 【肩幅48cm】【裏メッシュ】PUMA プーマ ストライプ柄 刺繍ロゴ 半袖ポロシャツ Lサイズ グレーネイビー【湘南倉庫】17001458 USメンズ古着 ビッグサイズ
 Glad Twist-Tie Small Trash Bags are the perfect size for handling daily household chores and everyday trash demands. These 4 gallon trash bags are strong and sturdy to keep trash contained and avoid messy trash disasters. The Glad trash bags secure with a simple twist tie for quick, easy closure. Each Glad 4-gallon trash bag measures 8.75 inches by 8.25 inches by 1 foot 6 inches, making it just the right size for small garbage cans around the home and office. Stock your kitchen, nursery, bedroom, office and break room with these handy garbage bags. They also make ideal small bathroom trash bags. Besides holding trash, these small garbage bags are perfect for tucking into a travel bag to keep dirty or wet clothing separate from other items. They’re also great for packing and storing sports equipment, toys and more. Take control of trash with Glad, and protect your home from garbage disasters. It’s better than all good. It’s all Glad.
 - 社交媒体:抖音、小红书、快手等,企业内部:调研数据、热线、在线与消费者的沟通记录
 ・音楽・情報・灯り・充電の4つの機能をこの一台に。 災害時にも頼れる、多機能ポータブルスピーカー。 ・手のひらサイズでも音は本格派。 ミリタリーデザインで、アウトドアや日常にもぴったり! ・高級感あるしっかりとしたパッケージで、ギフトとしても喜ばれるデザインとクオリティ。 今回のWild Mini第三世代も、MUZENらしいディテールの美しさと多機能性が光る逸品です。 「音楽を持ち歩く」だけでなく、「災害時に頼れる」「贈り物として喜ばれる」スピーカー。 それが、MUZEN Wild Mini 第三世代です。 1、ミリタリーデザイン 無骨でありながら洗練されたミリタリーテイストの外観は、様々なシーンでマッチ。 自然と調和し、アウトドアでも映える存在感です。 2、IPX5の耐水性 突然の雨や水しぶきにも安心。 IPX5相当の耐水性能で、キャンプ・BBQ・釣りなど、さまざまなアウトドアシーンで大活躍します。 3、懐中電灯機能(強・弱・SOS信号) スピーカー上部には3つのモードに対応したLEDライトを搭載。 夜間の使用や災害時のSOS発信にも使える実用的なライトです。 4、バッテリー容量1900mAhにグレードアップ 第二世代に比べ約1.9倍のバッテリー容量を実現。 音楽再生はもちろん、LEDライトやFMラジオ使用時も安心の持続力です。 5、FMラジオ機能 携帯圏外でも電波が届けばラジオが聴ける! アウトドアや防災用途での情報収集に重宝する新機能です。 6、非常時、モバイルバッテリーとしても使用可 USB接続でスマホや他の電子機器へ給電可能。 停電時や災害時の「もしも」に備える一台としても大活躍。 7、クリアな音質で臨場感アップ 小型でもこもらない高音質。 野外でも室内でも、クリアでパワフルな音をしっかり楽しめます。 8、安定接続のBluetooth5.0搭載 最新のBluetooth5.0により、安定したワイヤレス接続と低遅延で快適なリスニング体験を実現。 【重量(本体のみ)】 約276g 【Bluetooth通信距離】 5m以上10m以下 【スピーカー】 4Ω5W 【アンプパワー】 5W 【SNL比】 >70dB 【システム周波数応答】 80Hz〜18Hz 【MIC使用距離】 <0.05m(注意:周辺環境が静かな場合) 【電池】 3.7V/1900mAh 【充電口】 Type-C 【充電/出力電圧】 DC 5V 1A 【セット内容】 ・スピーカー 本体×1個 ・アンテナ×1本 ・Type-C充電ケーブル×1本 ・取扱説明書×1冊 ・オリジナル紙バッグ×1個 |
--------------------------------
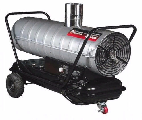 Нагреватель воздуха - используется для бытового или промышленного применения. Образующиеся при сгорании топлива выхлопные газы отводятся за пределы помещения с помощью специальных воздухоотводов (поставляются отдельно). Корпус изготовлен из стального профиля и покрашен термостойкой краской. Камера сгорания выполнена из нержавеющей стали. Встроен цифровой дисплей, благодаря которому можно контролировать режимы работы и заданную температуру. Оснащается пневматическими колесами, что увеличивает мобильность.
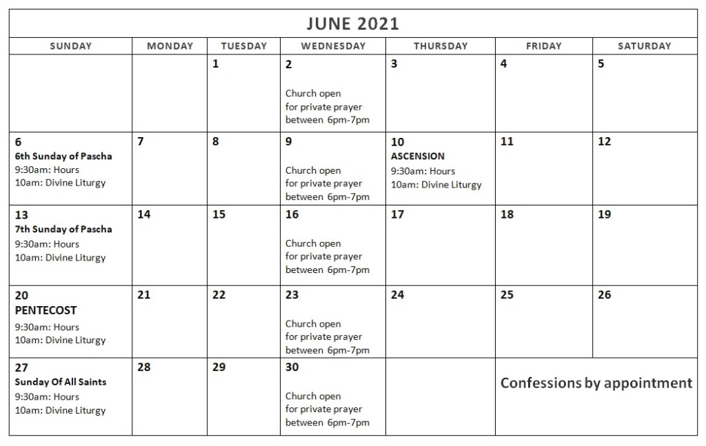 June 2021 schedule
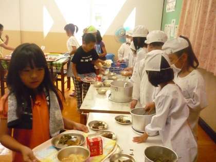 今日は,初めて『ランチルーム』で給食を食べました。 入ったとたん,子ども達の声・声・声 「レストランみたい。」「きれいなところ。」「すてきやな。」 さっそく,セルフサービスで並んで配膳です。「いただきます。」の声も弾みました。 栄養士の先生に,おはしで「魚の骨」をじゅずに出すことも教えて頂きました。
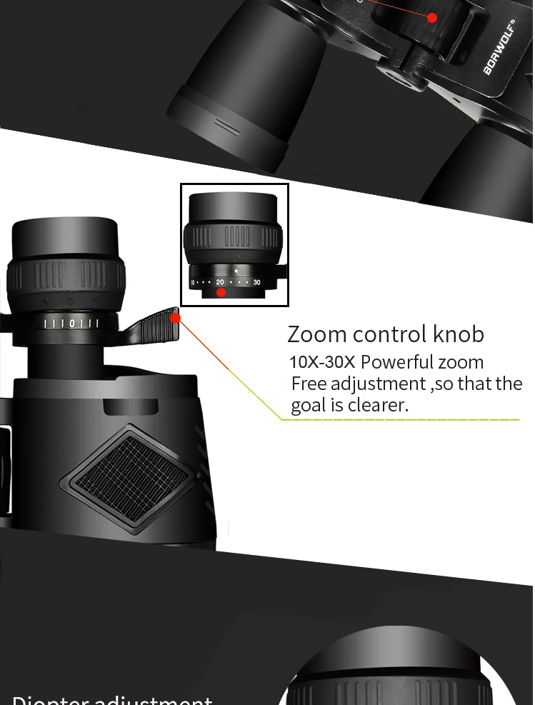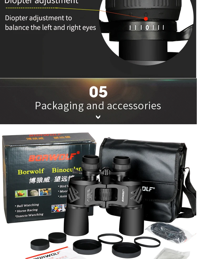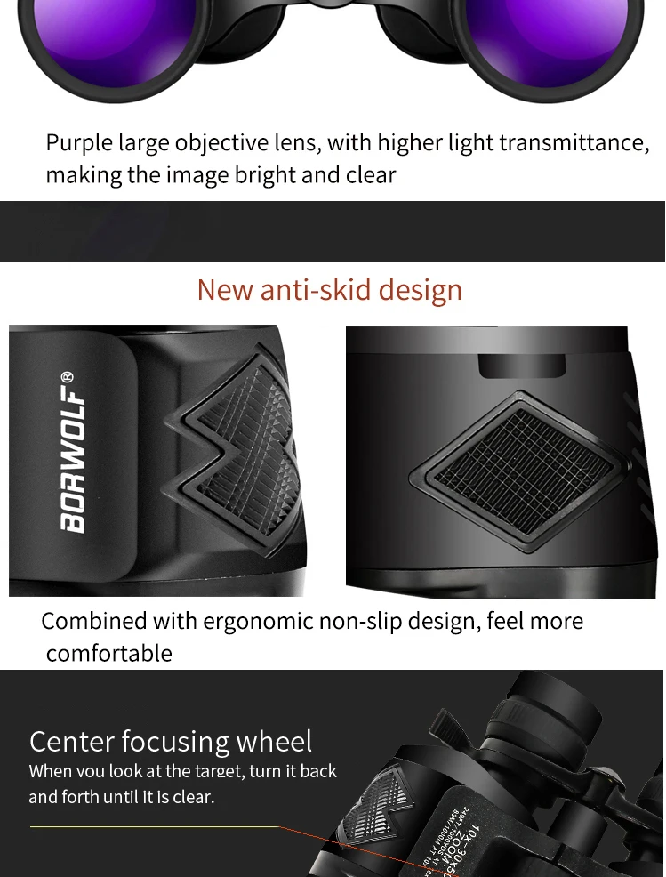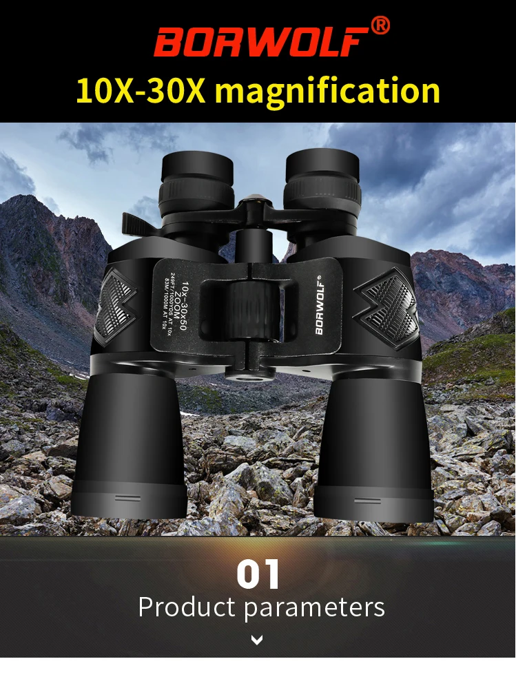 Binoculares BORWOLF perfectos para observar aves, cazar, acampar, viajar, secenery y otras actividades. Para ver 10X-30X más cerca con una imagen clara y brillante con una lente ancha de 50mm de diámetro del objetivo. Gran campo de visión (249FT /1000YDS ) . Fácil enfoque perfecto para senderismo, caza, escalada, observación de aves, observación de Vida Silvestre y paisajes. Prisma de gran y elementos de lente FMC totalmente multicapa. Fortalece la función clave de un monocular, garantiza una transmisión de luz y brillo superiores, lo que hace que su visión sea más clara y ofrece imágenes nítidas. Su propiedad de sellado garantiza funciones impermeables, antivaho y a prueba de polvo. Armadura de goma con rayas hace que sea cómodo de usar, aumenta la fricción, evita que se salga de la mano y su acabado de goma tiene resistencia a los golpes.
--------------------------------
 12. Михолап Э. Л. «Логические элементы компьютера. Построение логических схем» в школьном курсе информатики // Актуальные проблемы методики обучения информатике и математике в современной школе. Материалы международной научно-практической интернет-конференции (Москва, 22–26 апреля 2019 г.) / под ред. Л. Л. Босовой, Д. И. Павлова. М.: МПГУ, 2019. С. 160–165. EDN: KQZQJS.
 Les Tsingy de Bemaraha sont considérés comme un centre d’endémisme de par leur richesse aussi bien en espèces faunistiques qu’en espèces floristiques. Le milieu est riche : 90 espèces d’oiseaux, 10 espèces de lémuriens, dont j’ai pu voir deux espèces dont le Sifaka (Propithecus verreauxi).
--------------------------------
**REQUIRED ACTION:**
Out of the data above, give again only the lines starting at the one holding "- 社交媒体:抖音、小红书、" and ending at the one holding "本体×1個 ・アンテナ×1本 ・Type-C充電ケーブル×1本 ・取扱説明書×1冊 ・オリジナル紙バッグ×1個 |", unchanged.

**EXERCISE ANSWER:**
 - 社交媒体:抖音、小红书、快手等,企业内部:调研数据、热线、在线与消费者的沟通记录
 ・音楽・情報・灯り・充電の4つの機能をこの一台に。 災害時にも頼れる、多機能ポータブルスピーカー。 ・手のひらサイズでも音は本格派。 ミリタリーデザインで、アウトドアや日常にもぴったり! ・高級感あるしっかりとしたパッケージで、ギフトとしても喜ばれるデザインとクオリティ。 今回のWild Mini第三世代も、MUZENらしいディテールの美しさと多機能性が光る逸品です。 「音楽を持ち歩く」だけでなく、「災害時に頼れる」「贈り物として喜ばれる」スピーカー。 それが、MUZEN Wild Mini 第三世代です。 1、ミリタリーデザイン 無骨でありながら洗練されたミリタリーテイストの外観は、様々なシーンでマッチ。 自然と調和し、アウトドアでも映える存在感です。 2、IPX5の耐水性 突然の雨や水しぶきにも安心。 IPX5相当の耐水性能で、キャンプ・BBQ・釣りなど、さまざまなアウトドアシーンで大活躍します。 3、懐中電灯機能(強・弱・SOS信号) スピーカー上部には3つのモードに対応したLEDライトを搭載。 夜間の使用や災害時のSOS発信にも使える実用的なライトです。 4、バッテリー容量1900mAhにグレードアップ 第二世代に比べ約1.9倍のバッテリー容量を実現。 音楽再生はもちろん、LEDライトやFMラジオ使用時も安心の持続力です。 5、FMラジオ機能 携帯圏外でも電波が届けばラジオが聴ける! アウトドアや防災用途での情報収集に重宝する新機能です。 6、非常時、モバイルバッテリーとしても使用可 USB接続でスマホや他の電子機器へ給電可能。 停電時や災害時の「もしも」に備える一台としても大活躍。 7、クリアな音質で臨場感アップ 小型でもこもらない高音質。 野外でも室内でも、クリアでパワフルな音をしっかり楽しめます。 8、安定接続のBluetooth5.0搭載 最新のBluetooth5.0により、安定したワイヤレス接続と低遅延で快適なリスニング体験を実現。 【重量(本体のみ)】 約276g 【Bluetooth通信距離】 5m以上10m以下 【スピーカー】 4Ω5W 【アンプパワー】 5W 【SNL比】 >70dB 【システム周波数応答】 80Hz〜18Hz 【MIC使用距離】 <0.05m(注意:周辺環境が静かな場合) 【電池】 3.7V/1900mAh 【充電口】 Type-C 【充電/出力電圧】 DC 5V 1A 【セット内容】 ・スピーカー 本体×1個 ・アンテナ×1本 ・Type-C充電ケーブル×1本 ・取扱説明書×1冊 ・オリジナル紙バッグ×1個 |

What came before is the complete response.